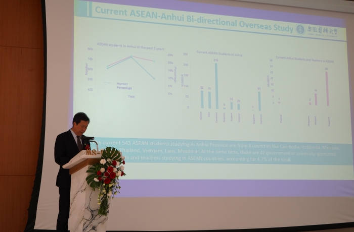梁朝朝在题为《以高质量国际合作塑造高等教育的未来》主旨演讲中,就kaiyun平台登录入口手机版在kaiyun体育手机版登陆官网官网、科研创新、对外交流、医疗服务等工作中取得的成绩作了介绍。他分析了中国与东盟国家高等教育交流合作的现状及尚存的问题,并以中国-东盟双向留学及安徽省、安kaiyun体育彩金国际教育和合作交流的情况为例,提出了推进学历学位互认、结合自身优势提升培养质量、加大语言培养力度、拓展招生渠道、加强数字化教育建设等重要建议。
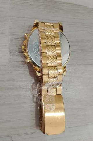 Elegante reloj de pulsera con un acabado dorado brillante. Su diseño moderno lo hace un accesorio llamativo. - Esfera redonda con detalles. - Correa metálica a juego.
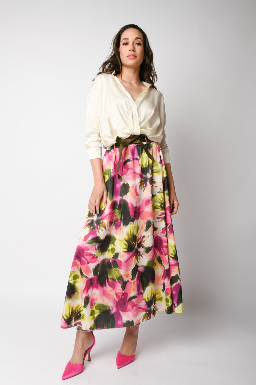 - Gonna lunga a stampa floreale con cintura
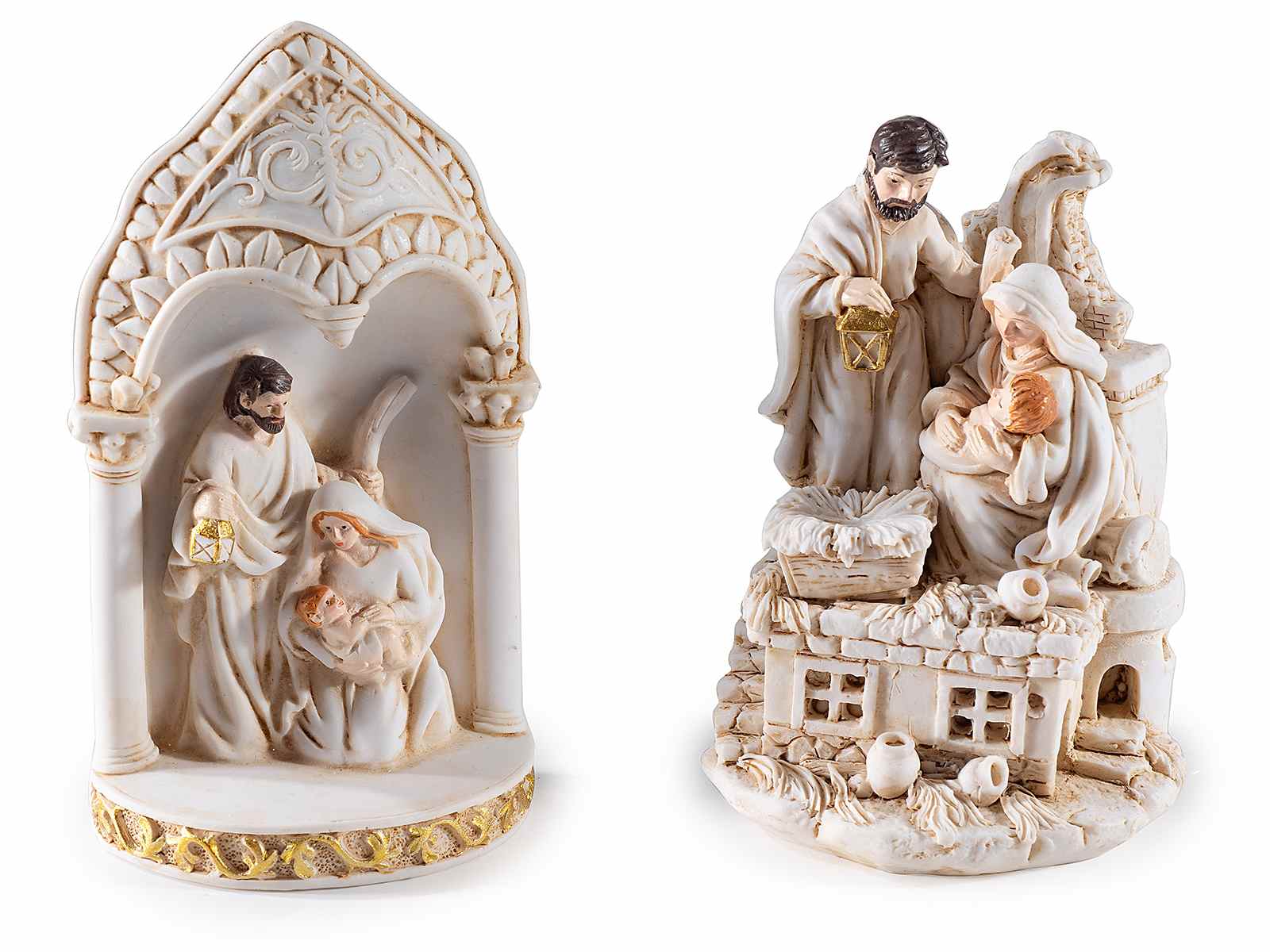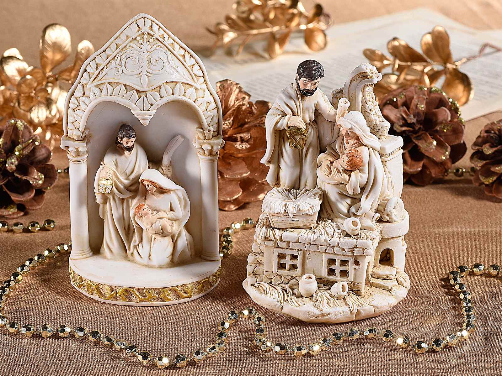Crèche de Noël Sainte Famille en résine avec détails dorés à poser
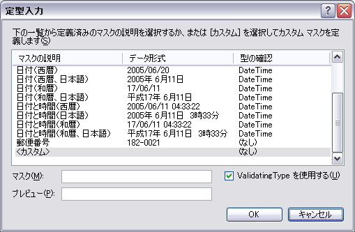 マスクを設定するには、Maskプロパティを使用します。表に示した、1 つ以上のマスク要素で構成される文字列である必要があります。Maskのプロパティ画面を見ると、「郵便番号」「日付時刻」「電話番号」などの標準的なマスクは、あらかじめ用意されています。

⁂

Task item
Take the entries above and restate them word for word, minus their images.

Your solution
梁朝朝在题为《以高质量国际合作塑造高等教育的未来》主旨演讲中,就kaiyun平台登录入口手机版在kaiyun体育手机版登陆官网官网、科研创新、对外交流、医疗服务等工作中取得的成绩作了介绍。他分析了中国与东盟国家高等教育交流合作的现状及尚存的问题,并以中国-东盟双向留学及安徽省、安kaiyun体育彩金国际教育和合作交流的情况为例,提出了推进学历学位互认、结合自身优势提升培养质量、加大语言培养力度、拓展招生渠道、加强数字化教育建设等重要建议。
 Elegante reloj de pulsera con un acabado dorado brillante. Su diseño moderno lo hace un accesorio llamativo. - Esfera redonda con detalles. - Correa metálica a juego.
 - Gonna lunga a stampa floreale con cintura
Crèche de Noël Sainte Famille en résine avec détails dorés à poser
 マスクを設定するには、Maskプロパティを使用します。表に示した、1 つ以上のマスク要素で構成される文字列である必要があります。Maskのプロパティ画面を見ると、「郵便番号」「日付時刻」「電話番号」などの標準的なマスクは、あらかじめ用意されています。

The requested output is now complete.